Results obtained within DROUGHTROOT have been gathered in two research articles which correspond to the two main project’s objectives and are about to be submitted. Dr Rosales also disseminated the outlines and partial results of the project by oral communications and posters in several international conferences and seminars. Furthermore, DROUGHTROOT allowed funding the 3-month internship of a pre-graduated student from the University of Montpellier. Finally, Dr Rosales participated in teaching activities, within the CultiVar program organized by CIRAD and University of Montpellier, and Science vulgarization during the Science Festival 2017 organized by the host department.
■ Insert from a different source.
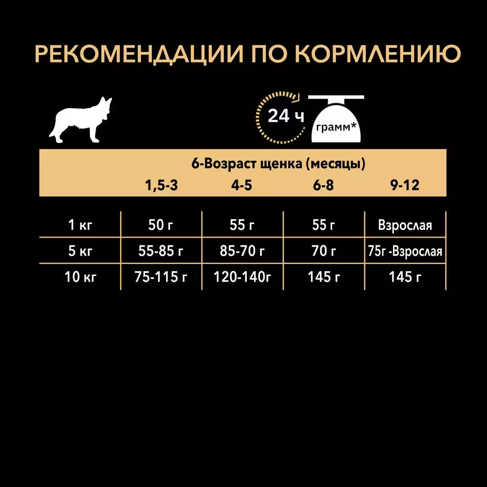 С 3 по 6 неделю начинайте давать размоченный корм Pro Plan® 3–4 раза в день. После полного прекращения кормления материнским молоком кормите согласно таблице. По достижении трехмесячного возраста постепенно снижайте количество воды, добавляемой для размачивания корма. Поддержание оптимальной массы тела очень важно для здоровья вашего щенка. Рекомендуемая суточная норма может варьироваться в зависимости от уровня активности, физических особенностей и индивидуальных потребностей вашего щенка. Следите, чтобы у собаки всегда была чистая, свежая питьевая вода. Для контроля здоровья вашей собаки обращайтесь в ветеринарную клинику на регулярной основе.
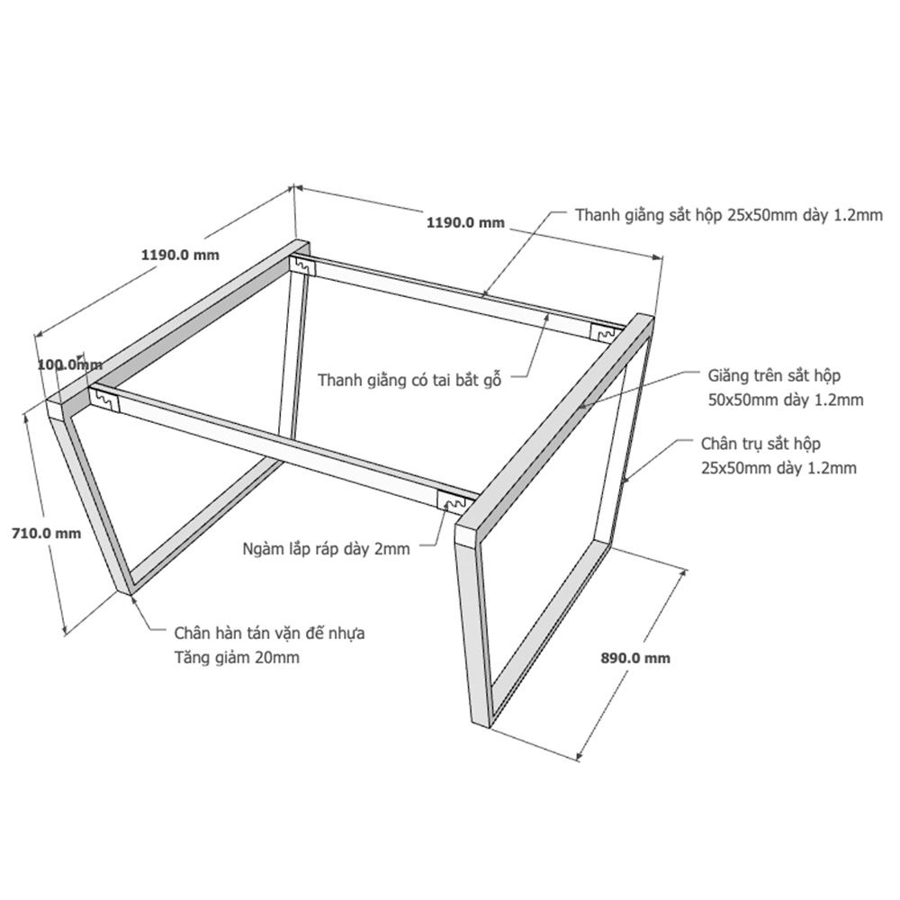 Kích thước chi tiết chân sắt lắp ráp cho bàn 120x120x75cm

This work uncovered a key mechanism that underlies the dual response of plant roots to water deficit. It showed how water deficit induces changes in both root development and aquaporin activity, to adjust water uptake by roots to unfavourable conditions. Furthermore, the use of exogenous hormone treatments and mutants identified ABA as a central regulator and integrator of the water deficit responses in Arabidopsis.
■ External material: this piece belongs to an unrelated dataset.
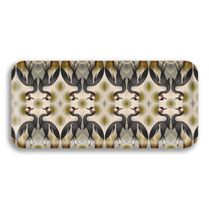 Add a touch of elegance to your home with the Crested Crane Tray by PATCH NYC for Avenida Home. Featuring a stunning mirrored pattern of graceful crested cranes in warm golden and earthy tones, this tray blends artful detail with everyday functionality. Perfect for serving drinks, displaying décor, or simply elevating your coffee table, it brings a sophisticated, nature-inspired charm to any space.

The DROUGHTROOT project addressed an emerging problem in the European agriculture, due to the threats of global change on both plant growth and production of plant foods. We believe that reducing water needs through plant science technologies is feasible. Besides improved water management techniques, crops with improved water use efficiency may be developed. In particular, root functions offer wide opportunities for improving crop performance under environmental stress but their potentialities have not been fully explored. In this context, DROUGHTROOT developed a unique combination of approaches in the model plant Arabidopsis thaliana to enhance our fundamental knowledge of root growth and water transport at two different levels. Firstly, we worked at the tissue level and analysed in detail the physiological and molecular responses involved in LR development. Secondly, we integrated these responses at the whole plant level in the unifying concept of root hydraulic architecture. Another innovative feature of the project was undoubtedly its multiscale and multi-disciplinary dimension: the proposed approach integrated physiological, biochemical and molecular responses to study hormonal mechanisms regulating root hydraulic architecture and its involvement in water deficit tolerance. In summary, DROUGHTROOT has allowed to enhance scientific knowledge on topics of crucial socio-economic importance. It will help in the search for root traits to improve the yield and quality of crops under adverse environmental conditions.